> **Input records**:
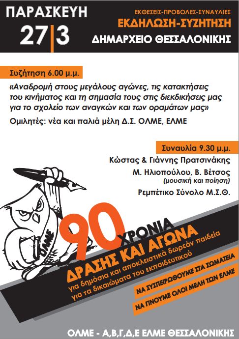 Τα Δ.Σ. της Α΄, Β΄, Γ΄, Δ΄, Ε΄ ΕΛΜΕ, καθώς και το Δ.Σ. της ΟΛΜΕ, για να τιμήσουν τους αγώνες αυτούς, αλλά και τους εκπαιδευτικούς που συνέβαλαν για να λειτουργεί και να δρα η Ομοσπονδία των καθηγητών της δευτεροβάθμιας εκπαίδευσης, οργανώνουν εκδήλωση – συζήτηση, συναυλία, προβολές και εκθέσεις την Παρασκευή 27/3.
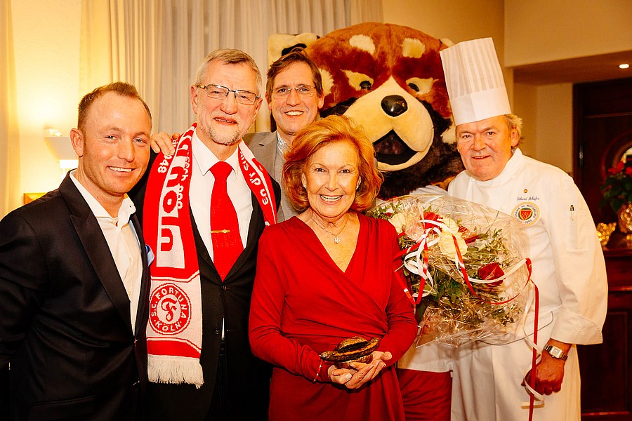 Nach einem Sektempfang wartete auf Mannschaft und Partner ein vier-Gänge Menü von Sternekoch Erhard Schäfer. Dabei saßen Spieler und Partner gemischt an den Tischen, damit sich die Fortuna-Familie weiter näher kennenlernen konnte. Ein Rahmenprogramm zwischen den Gängen sorgte für gute Unterhaltung. So bekam Helge Ulonska eine in Bronze gegossene Original-Stadionwurst überreicht für ihr jahrelanges Engagement beim Südstadtclub. Die Fortuna-Freunde Cornel Wachter (Künstler), Irmgard Stoffels (EXPRESS), Andreas Hupke (Bezirksbürgermeister), Hartmut Priess (Bläck Fööss), Heribert Rösgen (Kölner Stadt-Anzeiger), Wolfgang Fahrian (Fortuna-Torwartlegnde), Pfarrer Hans Mörtter und Erhard Schäfer hatten den Preis ins Leben gerufen, der regelmäßig für besondere Leistungen zu Gunsten der Fortuna verliehen werden soll.
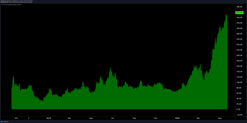 The crypto’s latest upswing marks an extension of the momentum which was first incurred following the crypto’s drop to lows of $190 earlier this week.
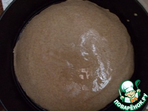 Мокрыми руками выкладываю тесто в смазанную растительным маслом форму. Верх тоже разравниваю мокрыми руками и смазываю маслом.
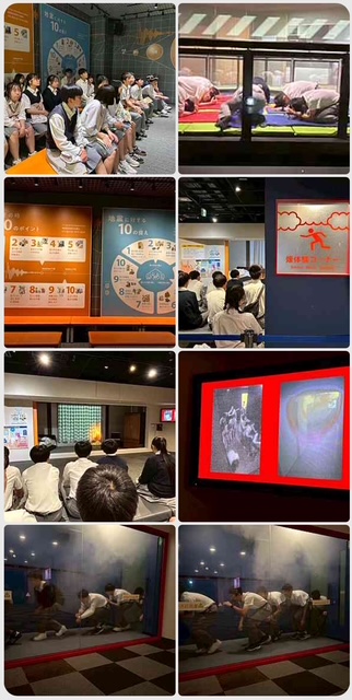 消防庁です。地震、煙体験を通じて災害の怖さとそれに対する備えを学んでいます。
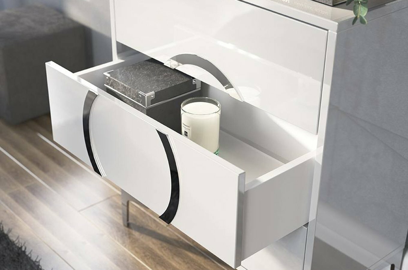 ZobrazitKomoda Naturlig Barnir (vysoký lesk bílý) vysoce lesklý povrch s akrylovým zrcadlem, který okamžitě přitáhne pozornost a dodá interiéru zářivý vzhled. Komoda má výšku 83,4 cm a hloubku 38 cm. Vnitřní rozměry zásuvek jsou 14,7 cm x 62,4 cm x 30,2 cm (v.š.h.) a výška předních panelů zásuvek je 21,2 cm. Korpus a přední panely jsou vyrobeny z laminované dřevotřísky o tloušťce 18 mm, zadní strana a dno zásuvek jsou vyrobeny z HDF a korpus zásuvek z laminované dřevotřísky o tloušťce 16 mm. Nožičky jsou vyrobeny z chromované oceli a mají výšku 13,4 cm. Komoda má skryté vodící lišty pro otevírání zásuvek technologií push to open. Díky svému modernímu designu a praktickým vlastnostem se tato komoda stane ideálním doplňkem pro váš domov.
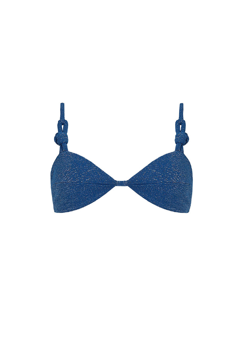Top especial tipo bralette escotado con corte. Viene con nudos chunky en las cargaderas y es elaborado en tela brillante. Cargaderas ajustables y broche en espalda.
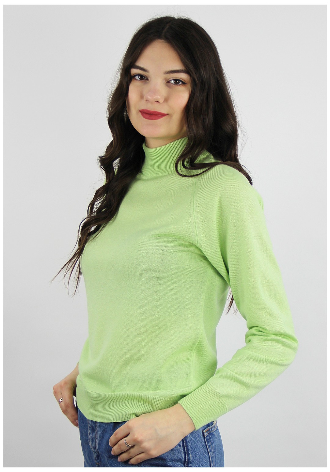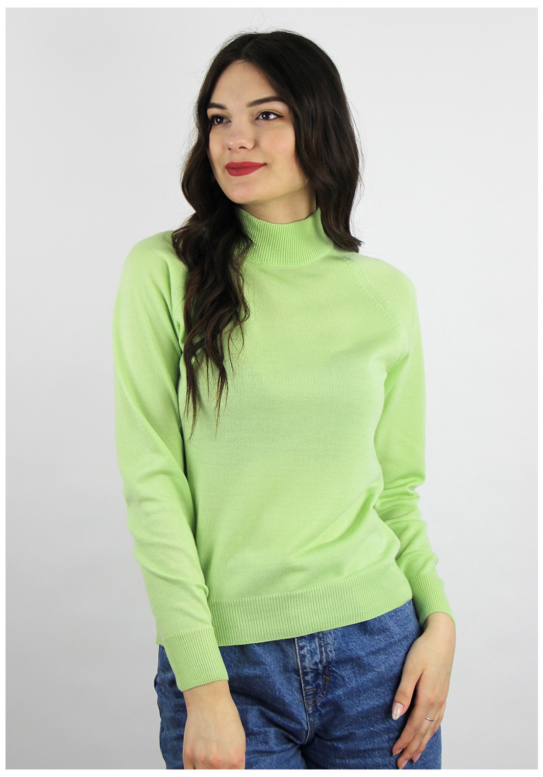 Свитер прямого силуэта с длинным рукаом "реглан". Низ изделия и рукавов заработан ластиком 1х1. Воротник - двойная ластичная стойка.
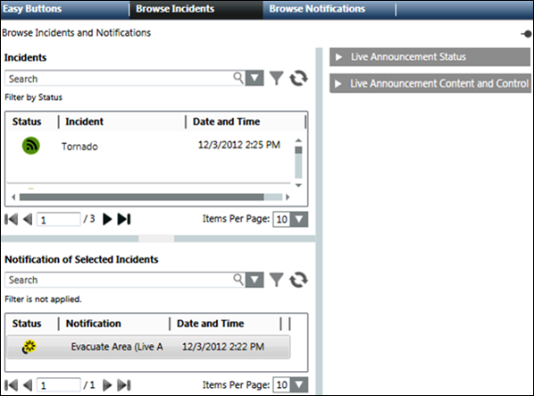 After an incident is initiated and the Browse screen is displayed, the highest ordered notification from the incident template structure is selected by default and the details of the corresponding notification is displayed. In case when the highest ordered notification is a live announcement, the Browse screen displays the live announcement details and the Start Live Announcement button is highlighted. Alternatively, select a notification associated with an incident to view the details of the selected notification. The following image displays the details of a message template:
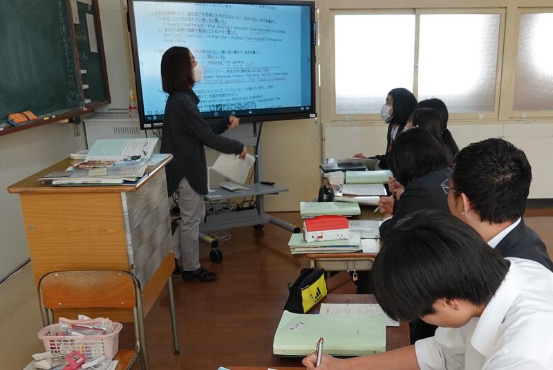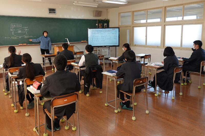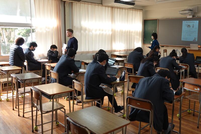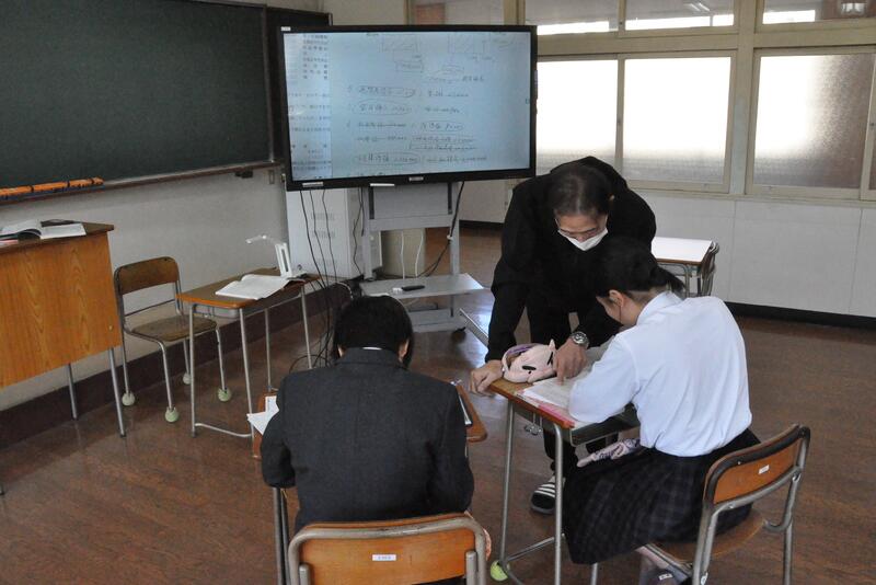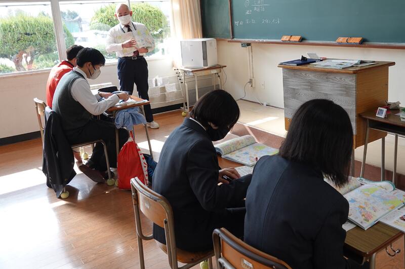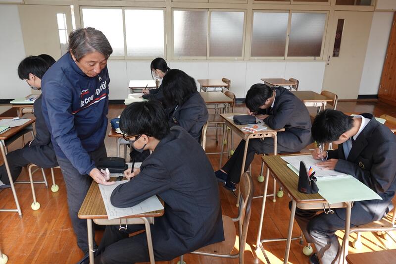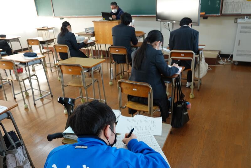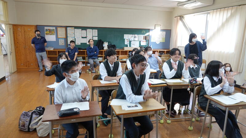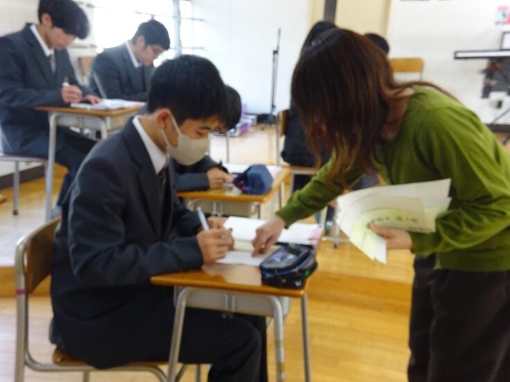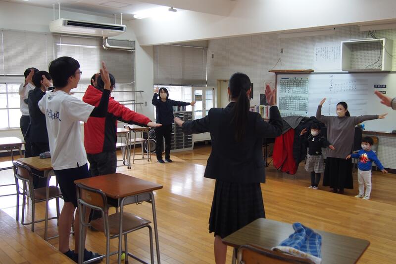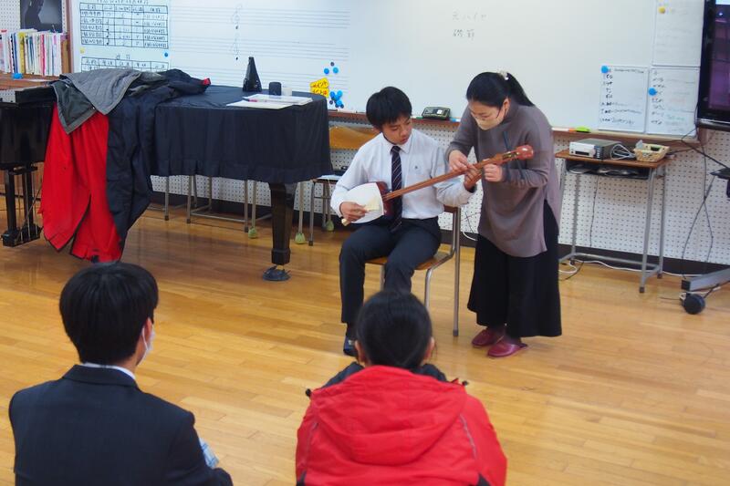 3年1組の音楽の授業にて、牛深ハイヤについての授業を行いました。普段は教員と生徒1対1の授業なのですが、他の3年生や先生方もたくさん来てくれ、にぎやかな雰囲気で講習を受けました。

> **Required action**: Each line between the one holding "消防庁です。地震、煙体験を通じて災害の怖さとそれに対する備えを学んでいます。" and the one holding "Свитер прямого силуэта", inclusive, should be copied exactly as it appears above, and pictures should be omitted.

> **Expected answer**:
 消防庁です。地震、煙体験を通じて災害の怖さとそれに対する備えを学んでいます。
 ZobrazitKomoda Naturlig Barnir (vysoký lesk bílý) vysoce lesklý povrch s akrylovým zrcadlem, který okamžitě přitáhne pozornost a dodá interiéru zářivý vzhled. Komoda má výšku 83,4 cm a hloubku 38 cm. Vnitřní rozměry zásuvek jsou 14,7 cm x 62,4 cm x 30,2 cm (v.š.h.) a výška předních panelů zásuvek je 21,2 cm. Korpus a přední panely jsou vyrobeny z laminované dřevotřísky o tloušťce 18 mm, zadní strana a dno zásuvek jsou vyrobeny z HDF a korpus zásuvek z laminované dřevotřísky o tloušťce 16 mm. Nožičky jsou vyrobeny z chromované oceli a mají výšku 13,4 cm. Komoda má skryté vodící lišty pro otevírání zásuvek technologií push to open. Díky svému modernímu designu a praktickým vlastnostem se tato komoda stane ideálním doplňkem pro váš domov.
Top especial tipo bralette escotado con corte. Viene con nudos chunky en las cargaderas y es elaborado en tela brillante. Cargaderas ajustables y broche en espalda.
 Свитер прямого силуэта с длинным рукаом "реглан". Низ изделия и рукавов заработан ластиком 1х1. Воротник - двойная ластичная стойка.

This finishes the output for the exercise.